Demonstrations after Sa-I-Gu
On May 2nd, 1992, a day after the riots ended, more than 30,000 Korean-Americans marched through Koreatown, protesting the police and criminal justice system in the Rodney King trial and calling for peace. The demonstrators sought reparations for the riots, because they believed that the police department was negligent in protecting Koreatown; rich, white, and Japanese areas of Los Angeles were the major areas where the police and the national guard were sent. Moreover, police watched looters and rioters break into and rob stores, and the LAPD took no action to stop the illegal activities.

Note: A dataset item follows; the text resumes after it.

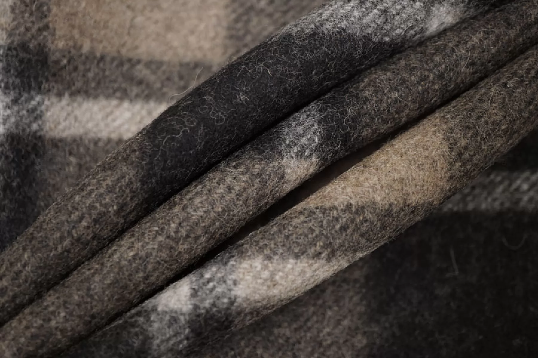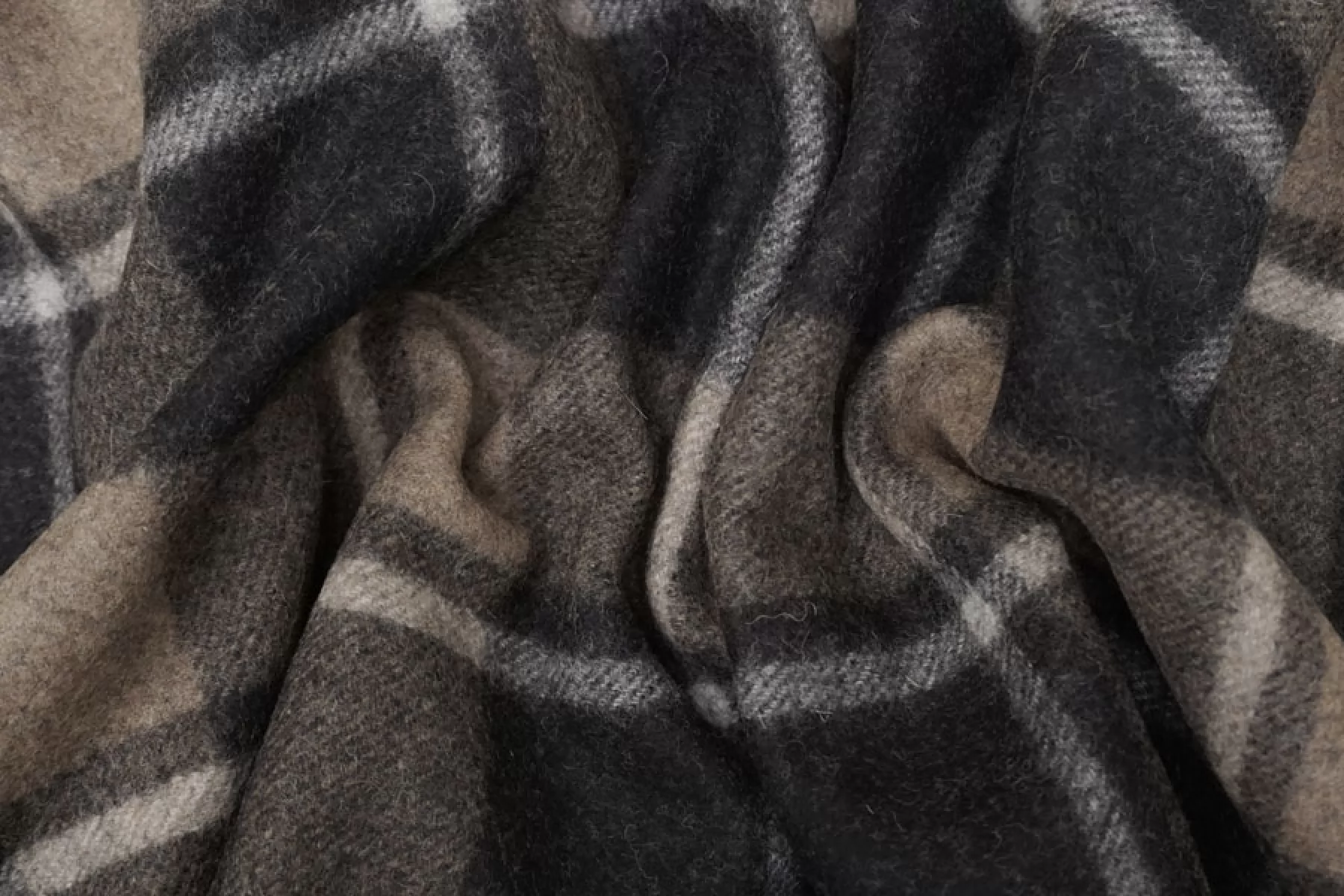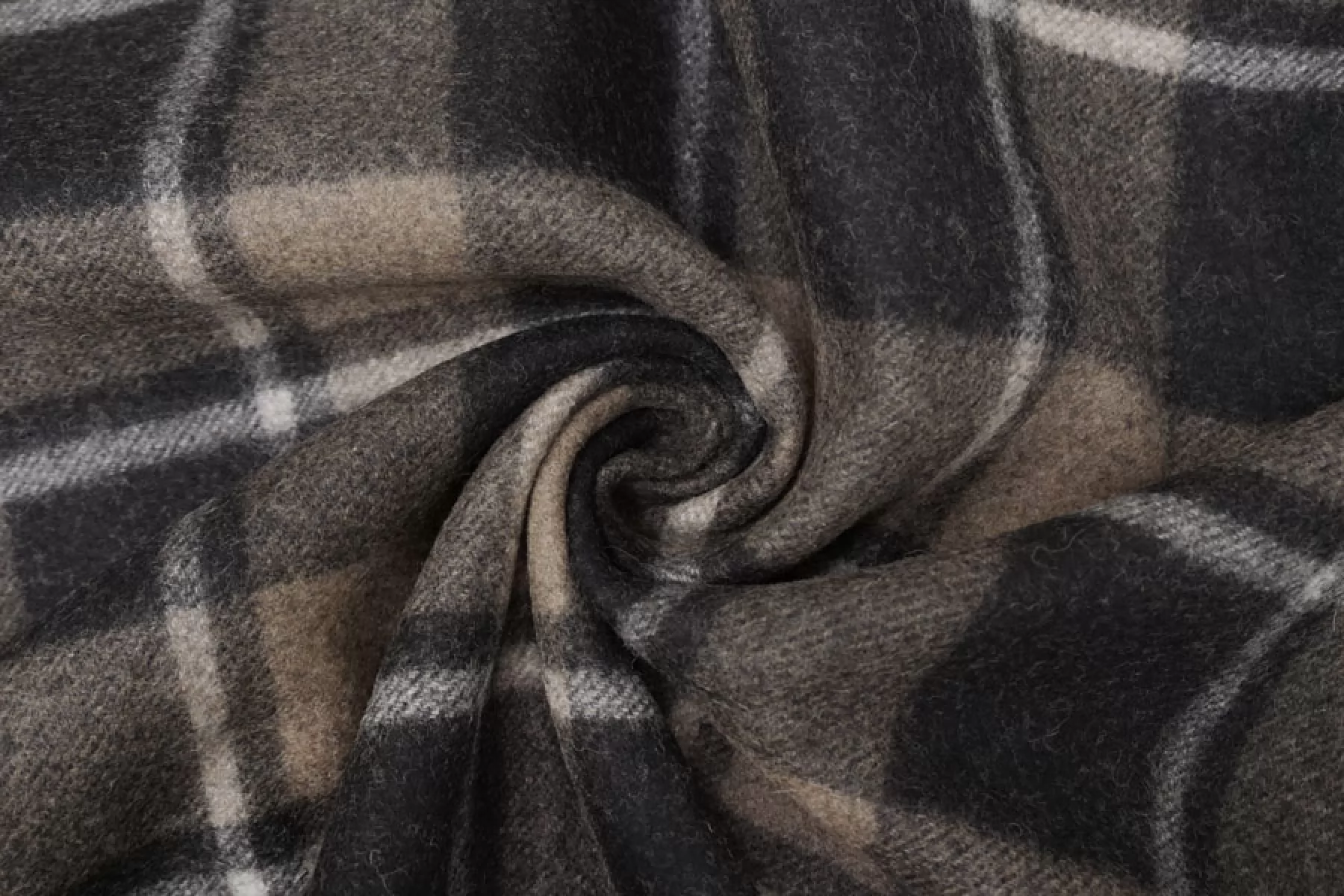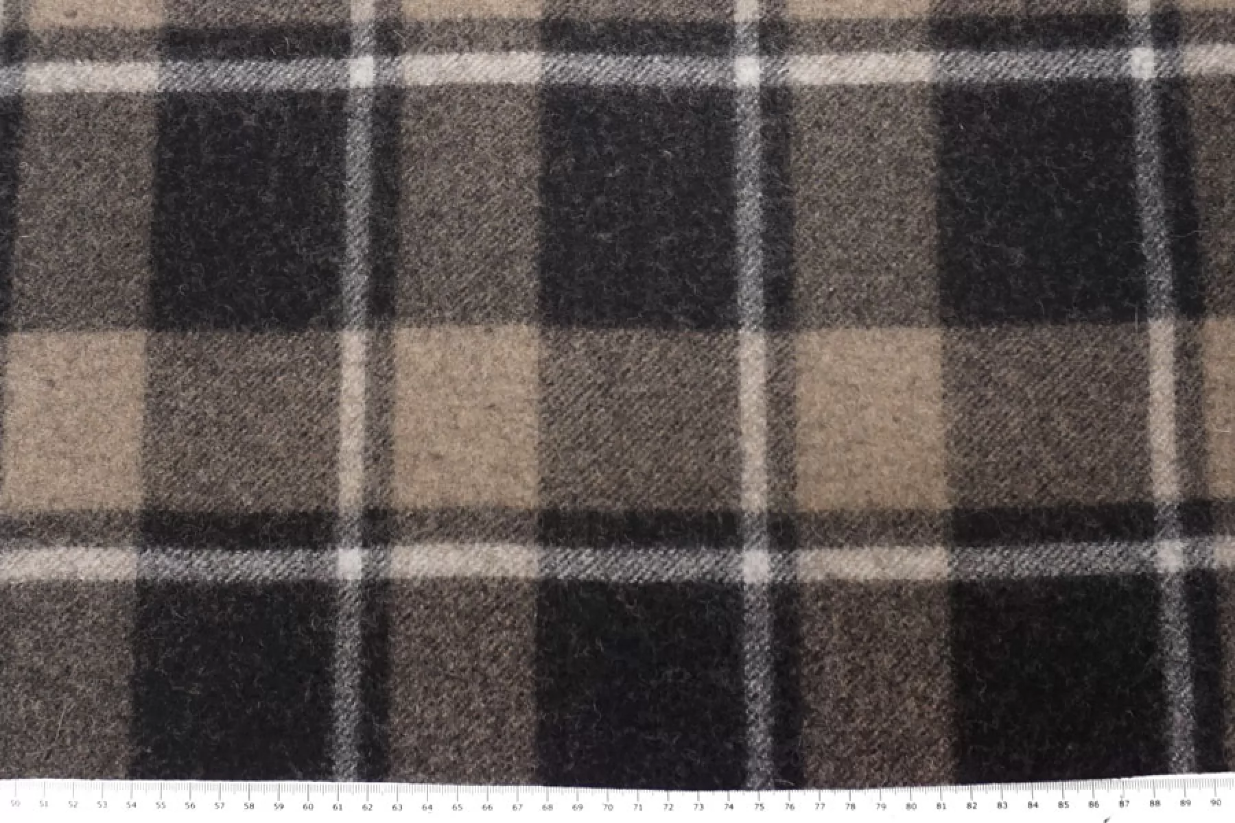Прекрасный пальтовый шерсятной драп из двух слоев, которые не разделяются. Принт с обеих сторон - крупная коричнево-черная клетка. Драп - сукно из двойной шерстяной нити, не просвечивает, хорошо держит форму. Сухая, шероховатая наощупь. Ворс коротки прижатый. Не тянется. Не осыпается. Отличный вариант на пальто. Уход деликатный.

More specifically, many Korean-Americans blame whites for Sa-I-Gu.
Reasons
1. Racism by a mainly white jury in the Rodney King decision provoked the riots themselves
2. Whites were negligent in "watching over" and "supervising" blacks
3. Whites keep the gap between the rich and the poor large, resulting in a large number of looters in 1992
4. The mainly white police force could have stopped or prevented the looters and rioters
5. The (mainly white) media presents a black/Korean conflict while denying a similar black/white conflict, which builds animosity against Asian-Americans
However, the demonstration was marked by a surprising lack of other Asian-Americans. Besides Korean-Americans, there were some African-Americans, Latino-Americans, and a scattering of Asian-American individuals. However, most Asian-American leaders were absent. As Brenda Paik Sunoo, then the news editor of the Korea Times English edition, asked, "Where is everybody, for God's sake?"